• [SUPPLIED ENTRIES]:
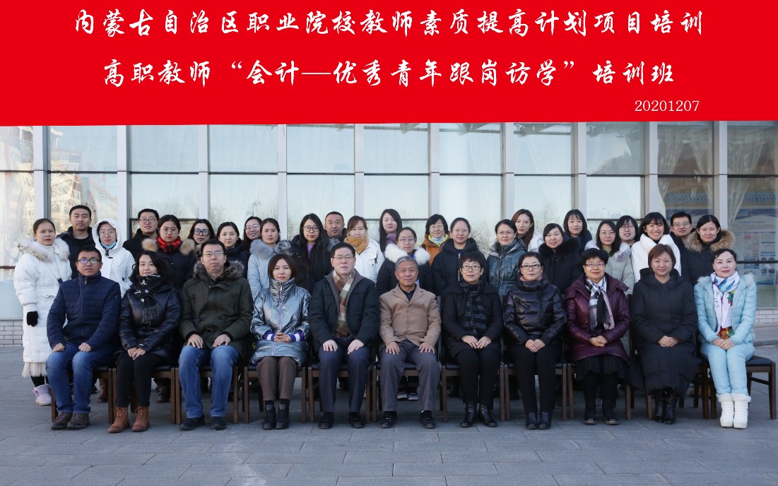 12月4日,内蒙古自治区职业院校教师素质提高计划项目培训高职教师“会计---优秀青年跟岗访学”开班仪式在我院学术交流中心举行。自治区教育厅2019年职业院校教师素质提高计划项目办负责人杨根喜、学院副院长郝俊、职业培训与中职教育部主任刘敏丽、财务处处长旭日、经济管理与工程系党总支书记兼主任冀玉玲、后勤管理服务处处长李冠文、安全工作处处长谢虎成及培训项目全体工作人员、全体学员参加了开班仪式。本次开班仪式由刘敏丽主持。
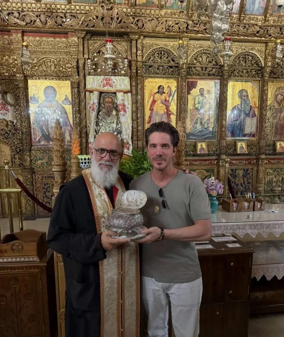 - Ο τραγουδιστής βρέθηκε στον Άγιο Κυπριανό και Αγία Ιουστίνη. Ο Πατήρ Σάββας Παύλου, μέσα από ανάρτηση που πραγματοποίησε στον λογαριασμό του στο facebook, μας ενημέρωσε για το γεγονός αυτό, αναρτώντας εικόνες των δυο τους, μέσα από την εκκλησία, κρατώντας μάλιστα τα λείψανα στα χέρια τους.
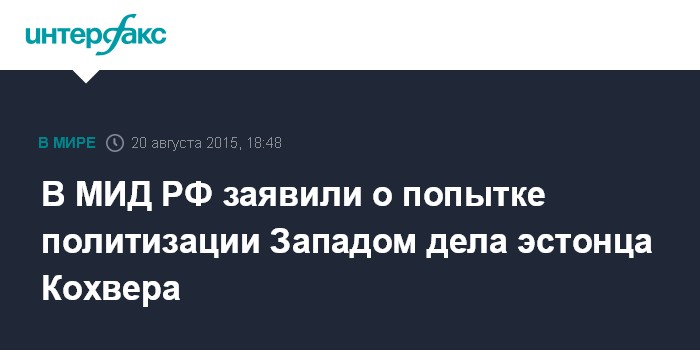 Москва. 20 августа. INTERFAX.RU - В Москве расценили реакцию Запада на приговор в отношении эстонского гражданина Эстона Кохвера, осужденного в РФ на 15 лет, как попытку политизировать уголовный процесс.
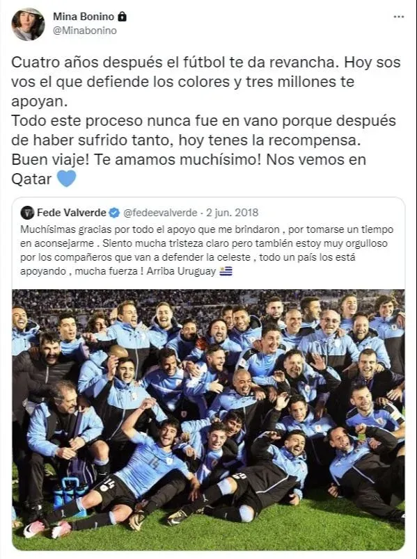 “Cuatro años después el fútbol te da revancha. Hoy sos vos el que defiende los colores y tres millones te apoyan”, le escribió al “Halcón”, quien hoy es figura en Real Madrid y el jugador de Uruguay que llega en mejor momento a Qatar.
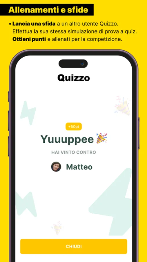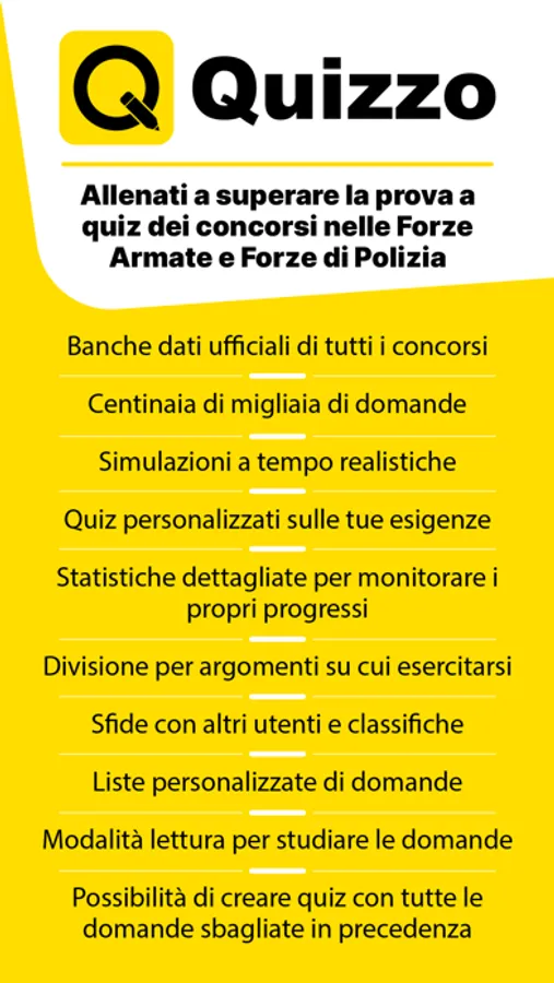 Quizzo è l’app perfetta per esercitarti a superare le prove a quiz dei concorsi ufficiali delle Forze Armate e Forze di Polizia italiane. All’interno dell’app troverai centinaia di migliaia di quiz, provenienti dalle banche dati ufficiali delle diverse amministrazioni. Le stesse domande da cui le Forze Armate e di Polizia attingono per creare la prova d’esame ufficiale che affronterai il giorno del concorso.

• [REQUIRED WORK]: Copy back exactly the lines above from the one containing "- Ο τραγουδιστής" through the one containing "Москва. 20 августа.", and leave every picture behind.

• [EXERCISE ANSWER]:
 - Ο τραγουδιστής βρέθηκε στον Άγιο Κυπριανό και Αγία Ιουστίνη. Ο Πατήρ Σάββας Παύλου, μέσα από ανάρτηση που πραγματοποίησε στον λογαριασμό του στο facebook, μας ενημέρωσε για το γεγονός αυτό, αναρτώντας εικόνες των δυο τους, μέσα από την εκκλησία, κρατώντας μάλιστα τα λείψανα στα χέρια τους.
 Москва. 20 августа. INTERFAX.RU - В Москве расценили реакцию Запада на приговор в отношении эстонского гражданина Эстона Кохвера, осужденного в РФ на 15 лет, как попытку политизировать уголовный процесс.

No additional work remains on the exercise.